Perhaps the greatest irony of the whole Quiet project is the fact that recording it and having to do everything associated with it on his own, has made Ward more aware of the social connectivity of music. "I sat in my house, literally completely by myself, and made that record. But then I started having some people add some sprinkles on top," he says with a laugh. To Ward, there is something inherently social about making music, at least this was the path that he chose. "There's lots of people that can do this sort of stuff from home. But I made the conscious decision early on that I wanted to travel and sort of mingle with people and do this publicly." Ward explains further, "To me it's the social part that drives me to this. I mean, there have always been people who have sat around fires telling stories and being entertainers, and I think that is part of what I love."

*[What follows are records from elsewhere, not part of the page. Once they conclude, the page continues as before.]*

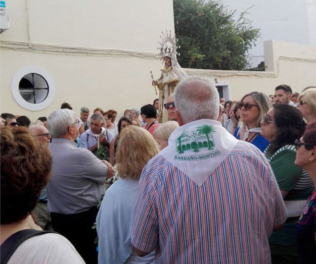 Tras la llegada al llamado ‘lugar de costumbre’ fue saludada por el párroco de San Pedro Apóstol, Pedro Gómez Serrano; en nombre de la Hermandad lo hizo Manuel García Cienfuegos. Tres montijanas le cantaron una nueva canción a la Virgen de Barbaño, Feli Chávez, autora de la composición, Juany Flecha y Cati Zambrano.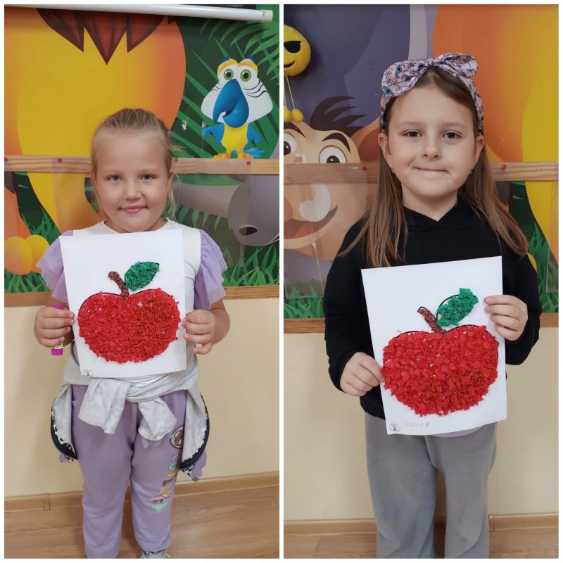 Dzieci wykonywały również prace plastyczne- wydzieranki z bibuły. Celem zajęć i wspólnej zabawy była integracja wszystkich Świetliczków, zachęcenie do spożywania owoców, a w szczególności jabłek pod różnymi postaciami . Dzień Jabłkowy zaliczamy do bardzo udanych i zachęcamy wszystkich do jedzenia jabłek, bo to źródło zdrowia i witamin.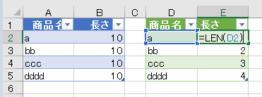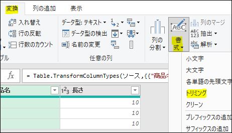 トリミングを行った右側の「商品名」は空白が混ざっていないので、文字列が見た目通りの長さになっています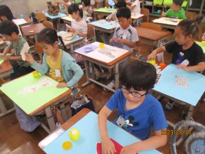 ビリビリ破った包装紙や紙袋を画用紙にペタペタ・・・思い思いに貼りました。「早く色を塗りたい!」と次の時間を楽しみにしていました。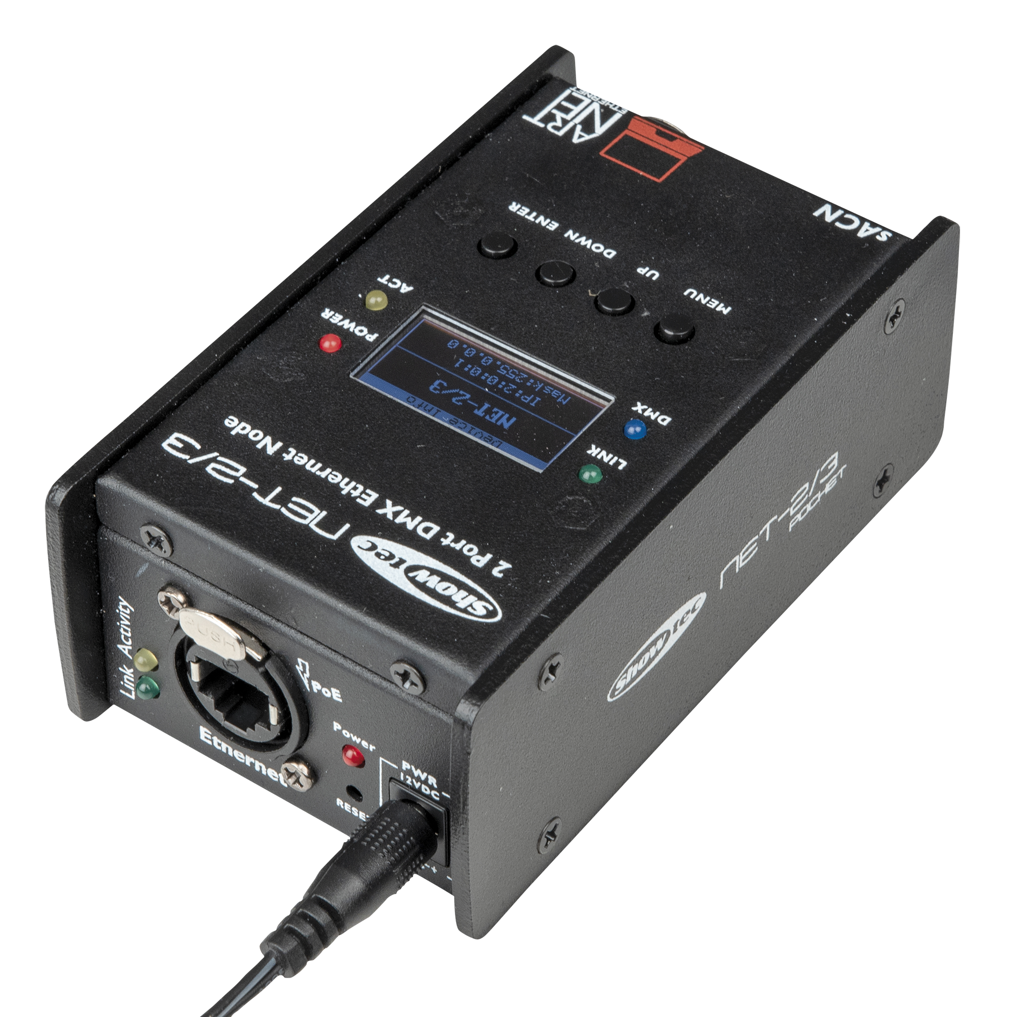 Węzły Showtec NET-2/3 Pocket i NET-2/5 Pocket to najnowocześniejsze urządzenia do routingu sieciowego, które konwertują Art-Net lub sACN na DMX512 i z powrotem. Wejście zasilania może być dostarczane przez POE, co sprawia, że zasilanie 12 V staje się zbędne. Maksymalnie 1024 kanały można przesyłać przez pojedynczy CAT5. Wszystkie ustawienia można wykonać za pomocą łatwego w użyciu menu na wyświetlaczu graficznym i przycisków z przodu. Ustawienia można również wprowadzić za pomocą przeglądarki internetowej, która zapewnia (zdalny) dostęp za pośrednictwem komputera lub laptopa i sieci. Domyślne konto logowania: Admin, hasło: Admin.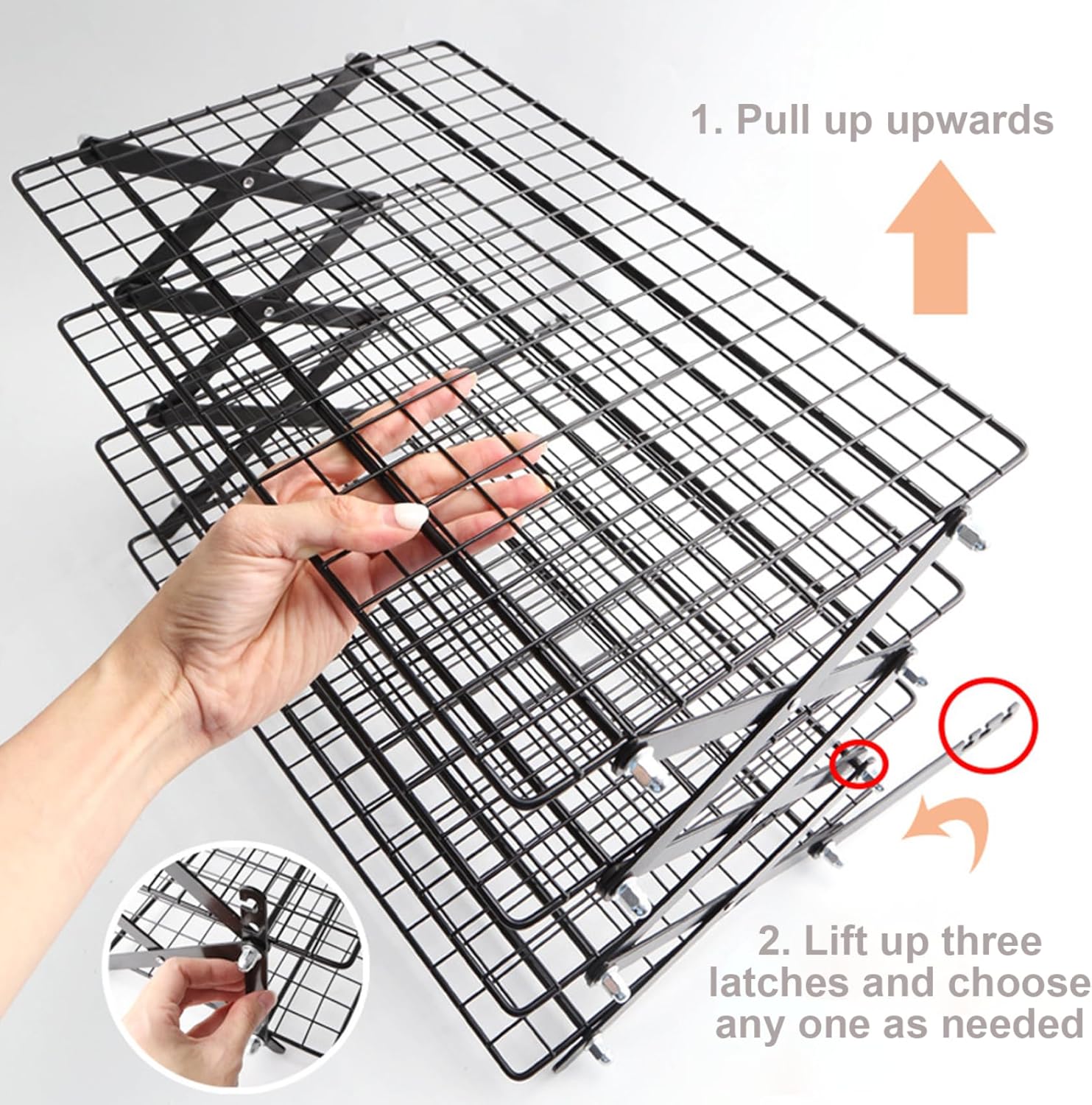 Description: The Collapsible Cooling Racks for Baking make an efficient, solution for cooling baked goods with a four-tier hollow-out iron structure that ensures stability while allowing air circulation for rapid cooling. Designed with adjustable spacing, it accommodates different sizes of cookies, pies, pancakes, and other baked treats while saving counter space by folding flat for easy storage. Its sturdy iron construction resists rust, making it a reliable kitchen accessory for frequent bakers. This collapsible, multi-tier cooling rack allows bakers to cool multiple batches simultaneously, boosting kitchen efficiency and making it suitable for both home and professional baking needs. Ideal for cookie cooling racks and versatile in use, this cooling rack combines practical design with convenient adjustability to enhance your baking and cooking experience. Features:. -Color: Silver. -Material: Iron. -Size: 43.5x45.5x25 cm/17.1x17.9x9.8 inch. Note:Manual measurement, please allow slight errors on size.The colors may exist slight difference due to different screens. Package Including 1 * Collapsible Cooling Rack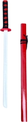Pakuotės turinys: medinė katana 70 cm ir makštis.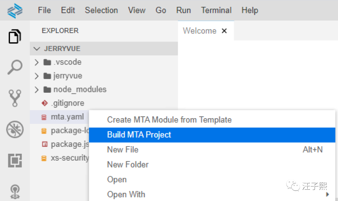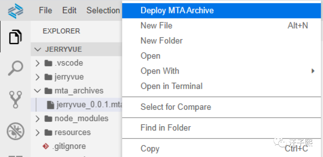 下一步,对该 Vue 进行 build,然后部署到 SAP BTP 平台上。依次在右键菜单里选择 Build MTA Project 和 Deploy MTA Archive 进行构建和部署: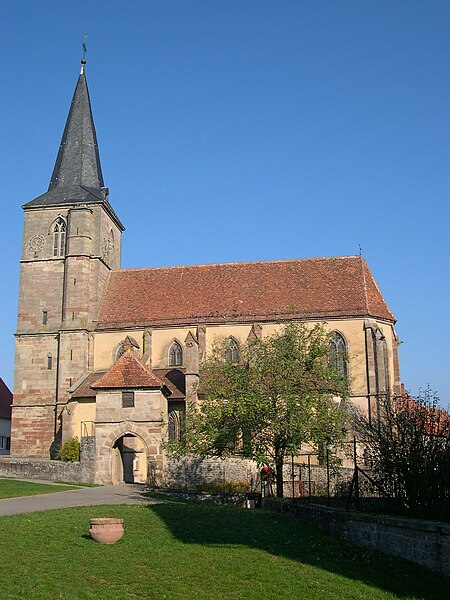 L'église protestante de Domfessel, dans le Bas-Rhin, est une église fortifiée reconnue pour son homogénéité architecturale. Une bulle pontificale de 1309 a autorisé Henri de Sarrewerden à y faire édifier un bâtiment religieux, dont la construction s'est achevée en 1340, après une période de construction autour du milieu du XIVe siècle. À l'origine vouée au culte catholique, elle est devenue lieu de culte protestant lors de l'introduction de la Réforme, bien qu'elle ait retrouvé ponctuellement le statut d'église paroissiale au XVIIe siècle. L'édifice a subi des dommages de guerre avant d'être restauré. Il est protégé comme monument historique depuis sa classification du 28 novembre 1877.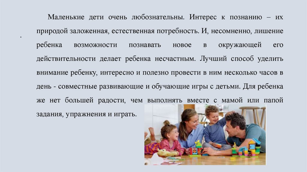 Маленькие дети очень любознательны. Интерес к познанию – их.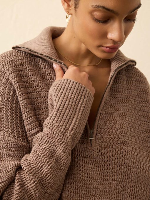 Made for those in-between days when the weather can’t make up its mind, this quarter-zip sweater is the perfect throw-on layer. Knit from a breathable linen-cotton blend with a textured open stitch, it’s lightweight yet warm enough for cooler evenings. The relaxed fit gives it a laid-back, sporty feel, while the zip neckline lets you adjust on the go.

But this social connectedness does not just lie in his attitude to other performers. "One of the thing that is really crucial to me," Ward says in a rare serious moment, "Is that I make sure that people, especially younger kids and younger fans, know that there is nothing more special about me than is special about them. They can do this just as easily as I did. It's just a level of commitment that has nothing to do with that 'I'm cooler than you' bullshit." This is a topic Ward obviously feels strongly about. "I hate how people sell records by making out that they're so much better than the person buying them. I don't think that anybody is more important that anybody else, and I'm a real firm believer in the equality of humanity, especially in art. I think it's so destructive to keep people away from art because you can destroy people's self-esteem."
Jim Ward brings his solo work to Australian audiences through touring with the Soundwave Festival in all major capitals through February.